March 2, 2026

Renewed conflict in the Middle East is already having knock on effects for the global economy, and UK business owners are likely to feel the impact through higher costs and increased uncertainty rather than direct disruption.

The most immediate pressure point is energy. The Middle East remains a critical region for global oil and gas supply, and any escalation tends to push wholesale prices higher. Even short term market reactions usually feed through to UK petrol and diesel prices, and to business energy bills over time. For firms with transport heavy operations or energy intensive processes, this can quickly squeeze margins.

Higher energy costs also ripple through supply chains. Increased fuel prices raise the cost of moving goods, both domestically and internationally. Where shipping routes are disrupted or rerouted, freight costs rise further and delivery times lengthen. For import reliant businesses, particularly retailers and manufacturers, this can affect both pricing and stock availability.

These pressures feed into the wider cost of living picture. As households face higher fuel and utility costs, discretionary spending often weakens. Hospitality, leisure and non-essential retail tend to feel this first, as consumers become more cautious. Even businesses that are not directly exposed to energy markets can be affected through softer demand.

There is also a broader inflationary risk.

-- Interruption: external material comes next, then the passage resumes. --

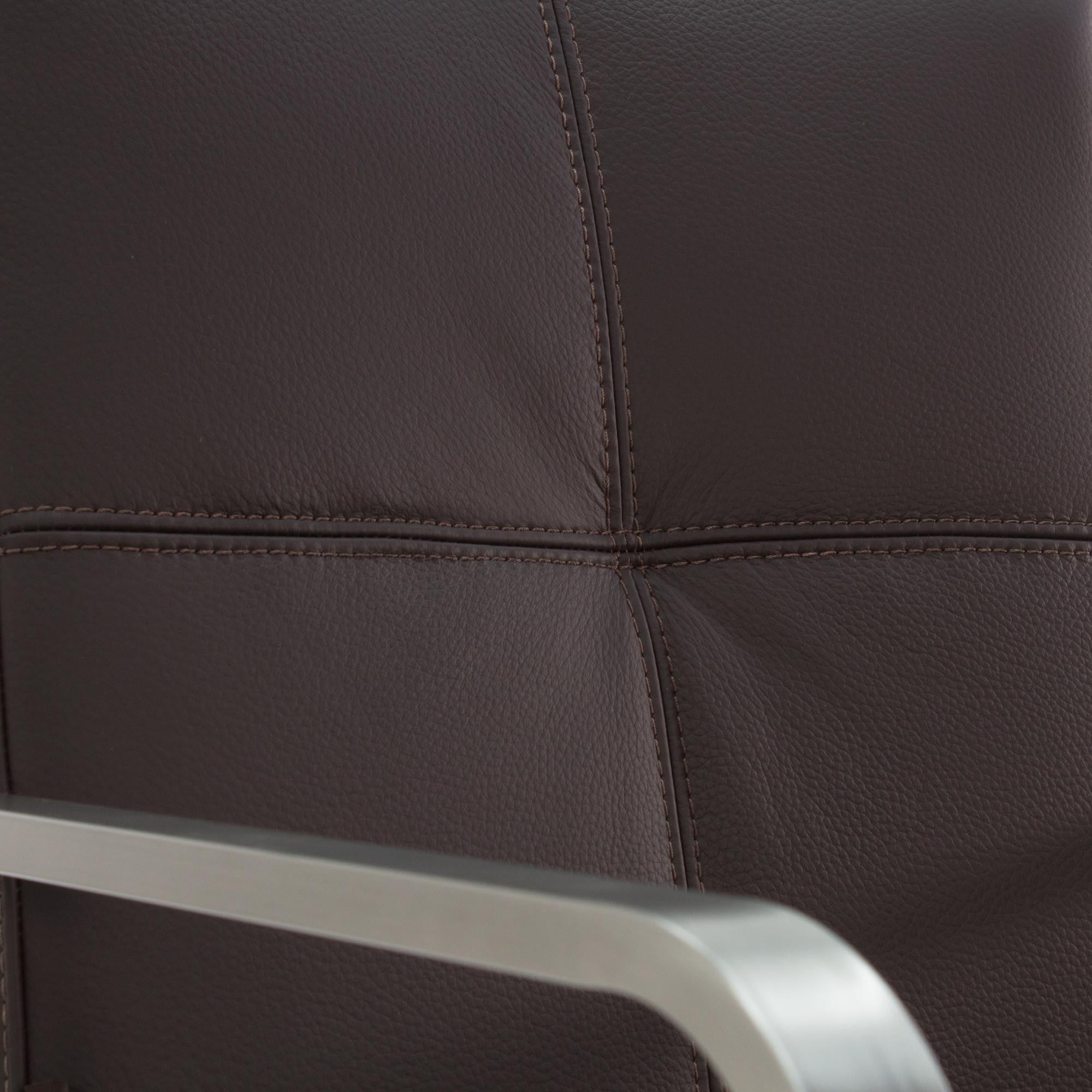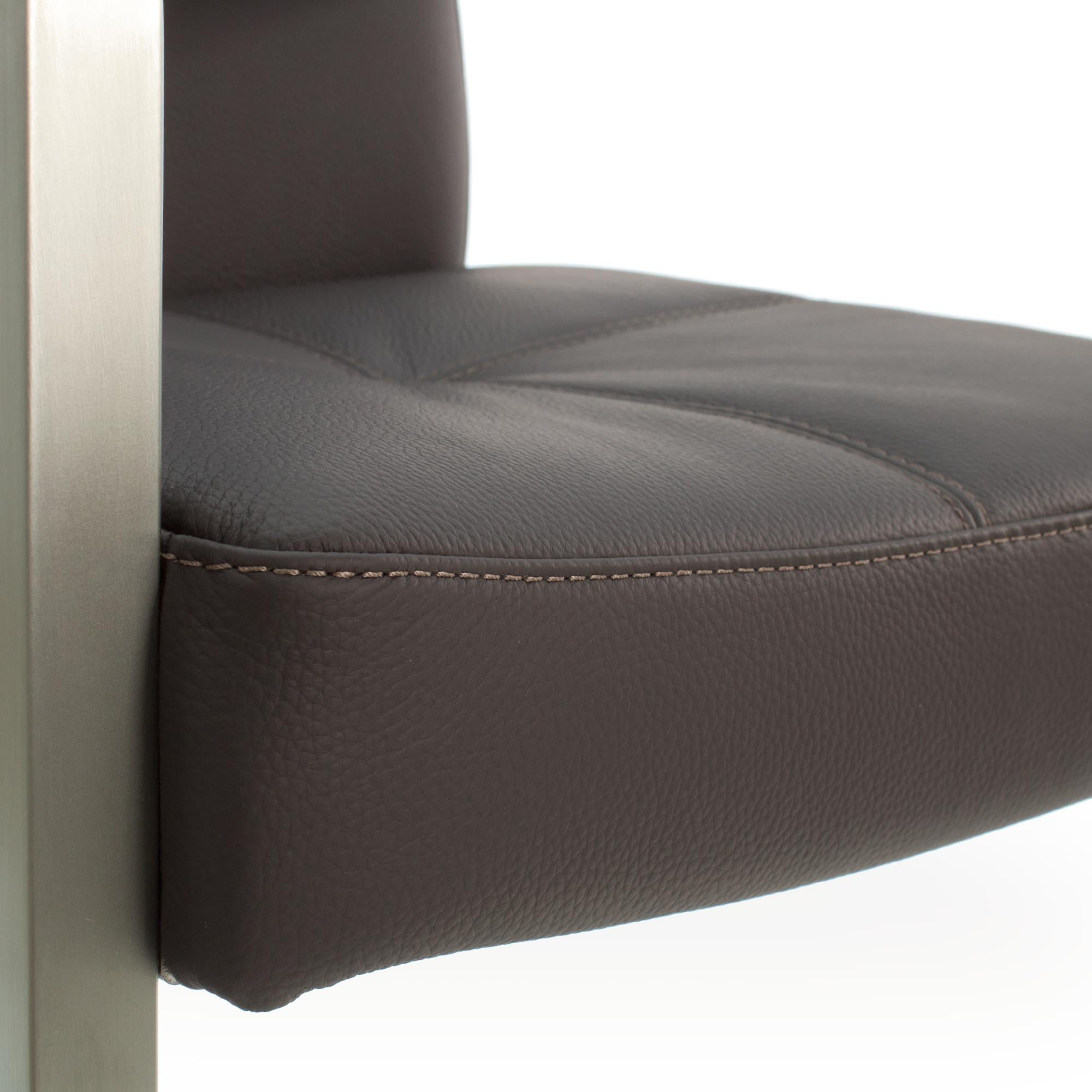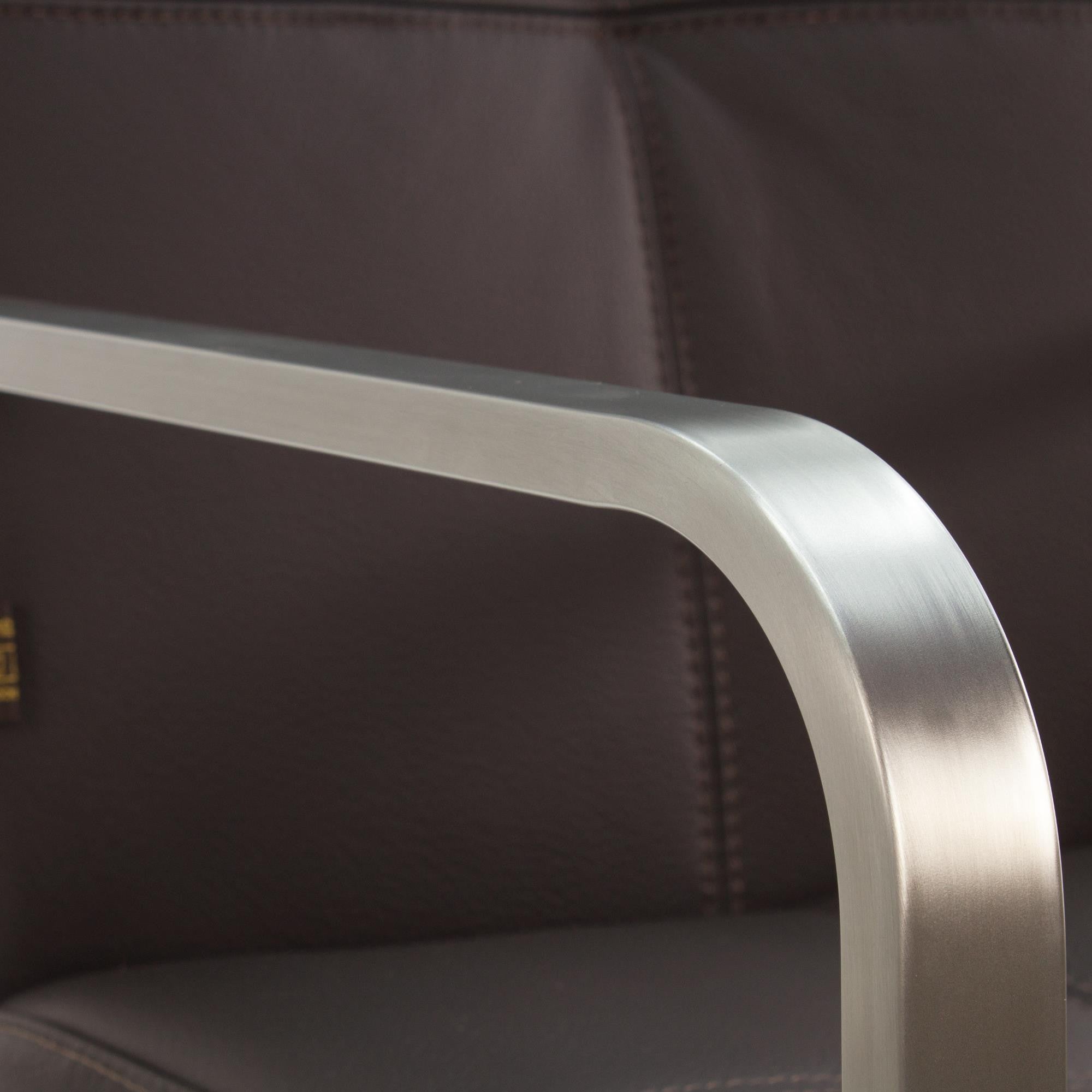 Moderner Freischwinger mit Armlehnen in Rindsleder, gebürstetem Edelstahlgestell. Dieser Armlehnstuhl ist besonders stabil aufgebaut und das verarbeitete Rindsleder ist aufwendig gearbeitet und von hoher Güte. Dieser Armlehnstuhl ist auf einem langlebigen und robusten Edelstahlgestell aufgebaut. Dieses passt sich durch die gebürstete Ausführung hervorragend in die Gesamtoptik ein. Durch die Ausführung in Edelstahl ist dieser Freischwinger bis 130 KG geeignet.

If higher energy and transport costs persist, overall inflation may remain elevated for longer. This increases the chance that interest rates stay higher than previously expected, affecting borrowing costs, investment decisions and property markets.

For UK business owners, the key response is planning rather than panic. Reviewing energy usage, stress testing cash flow, and building flexibility into pricing and supplier arrangements can help manage a period of heightened volatility.